A murmur in the crowd, sharper, more approving.

The Greed men bowed, backs straight, and withdrew.

Envy leaned into my ear.

His lips did not touch, but the heat of them, the idea of them, sent a full-body pulse through my nervous system.

“Well done,” he said, so low that only I could hear it.

I flushed, high up on my cheekbones, and in the black surface of the bench beneath us, I saw the gold run up my throat.

The gallery waited.

Envy spoke, but not to the room.

He looked at me, at my face, and said, “Do you know what is being weighed here?”

The words were heavier than the gold on his skin.

I shook my head.

He said, “It’s not the merits of the cases. It’s the merit of the bond. The more you’re yourself, the less they can touch me.”

He looked out at the gallery, and the gallery looked back.

The last petition was the most technical, and the most dangerous.

Two houses of trade, both in the gold register, both represented by creatures whose entire aesthetic was debt. Thefirst had a voice like hot syrup; the second’s was sharpened at the ends, every word a little dagger.

They had come over a single phrase in a centuries-old compact—one clause, three words, but every one of those words worth a thousand years of future advantage. I watched them circle the phrase, rephrase the phrase, try to flip the load from one word to the next.

I felt Envy’s body tense a fraction beside me.

He did not prompt me, not this time, not with a hand or a word or even the gold at his cheek.

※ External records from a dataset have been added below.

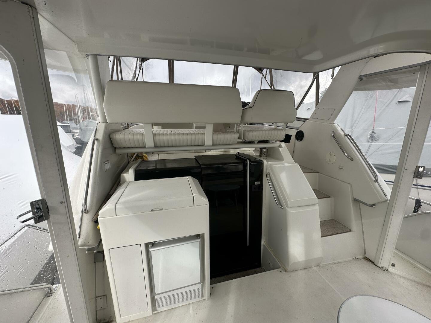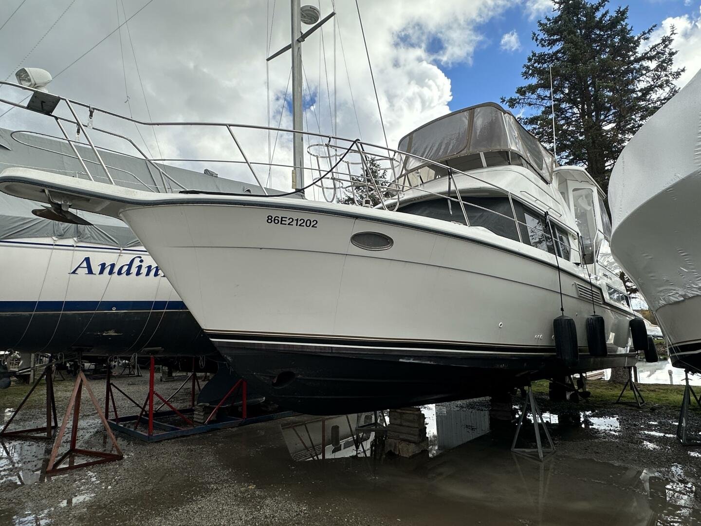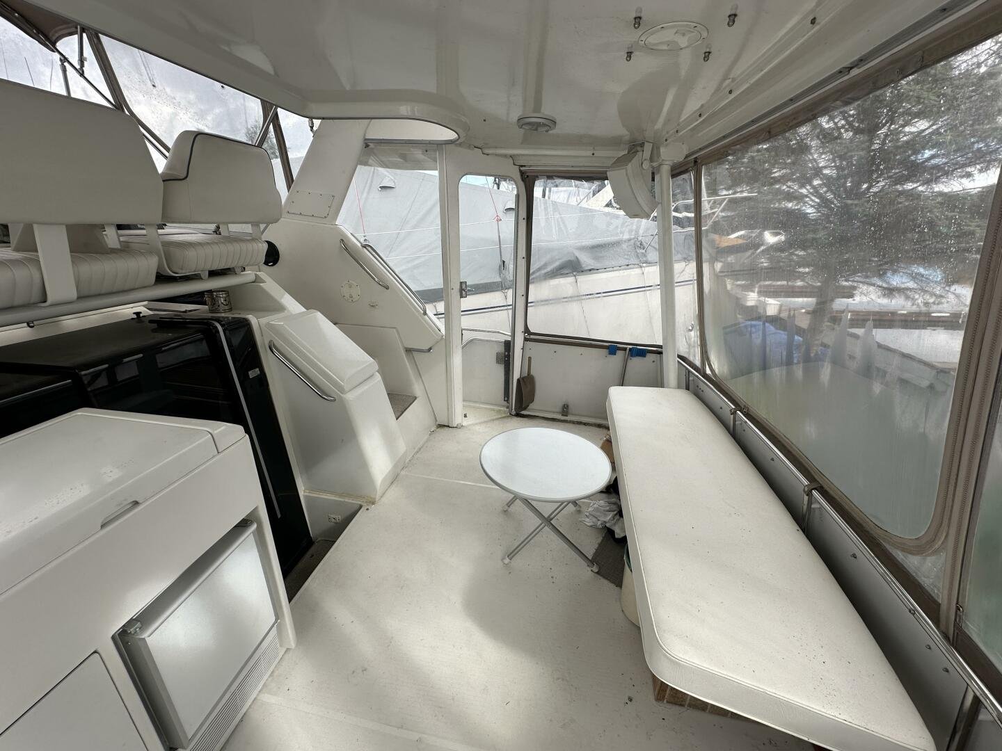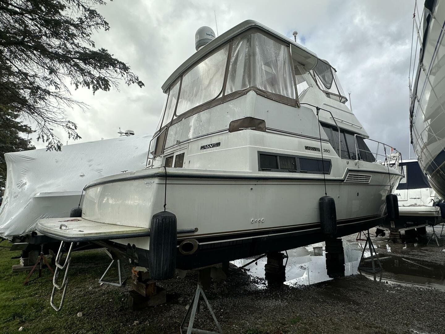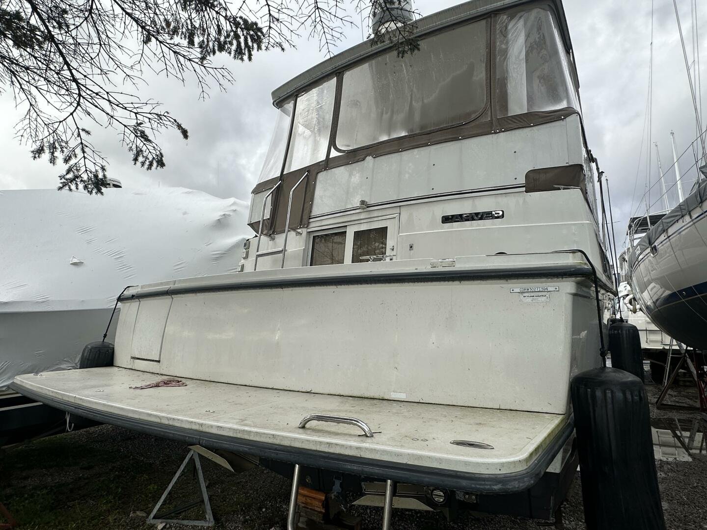 This Carver 390 CPMY has been owned by the current owner for over 15 years and has spent its time cruising the freshwater of Georgian Bay. The 390 CPMY is a desirable model with a large platform and aft cabin entrance through the cockpit. The aft area is fully enclosed letting you enjoy the space in all weather conditions.
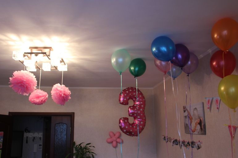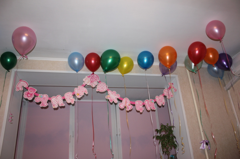 Еще был самодельный плакат из серии "что я умею" (в кадр не попал) и много-много шариков:
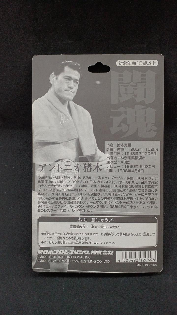 青いタオルをかけているアントニオ猪木のフィギュアです
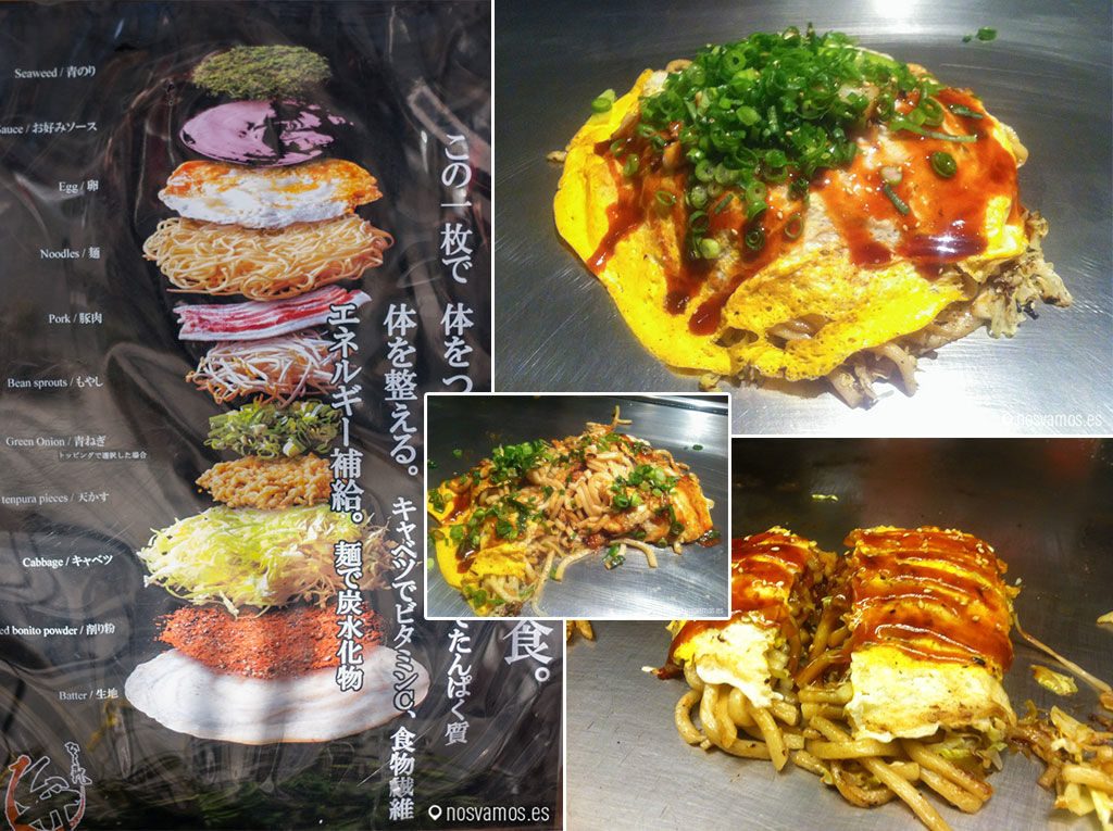 El Okonomiyaki es un conjunto de capas con diferentes ingredientes cocinados en una plancha (yaki, 焼き cocinado a la plancha). Por lo general te lo cocinan delante de ti, es todo un espectáculo, hacen que parezca fácil, pero no lo es, requiere mucha práctica para que el resultado sea algo parecido a una tortilla y no a un revuelto.

But I understood, in the register of a person who has lived her life to be useful, that this was a real test.

I listened.

I saw where the trick was. The second house had misread a dependent clause as independent; they’d built their whole claim on a misaligned conjunction. I had spent too many years in NDAs and contracts not to hear the error.

I leaned over to Envy, pitched my voice for him alone: “They’ve bracketed the second clause as independent. It isn’t.”

The court heard me anyway. The silence in the room carried my words the way a taut string carries vibration.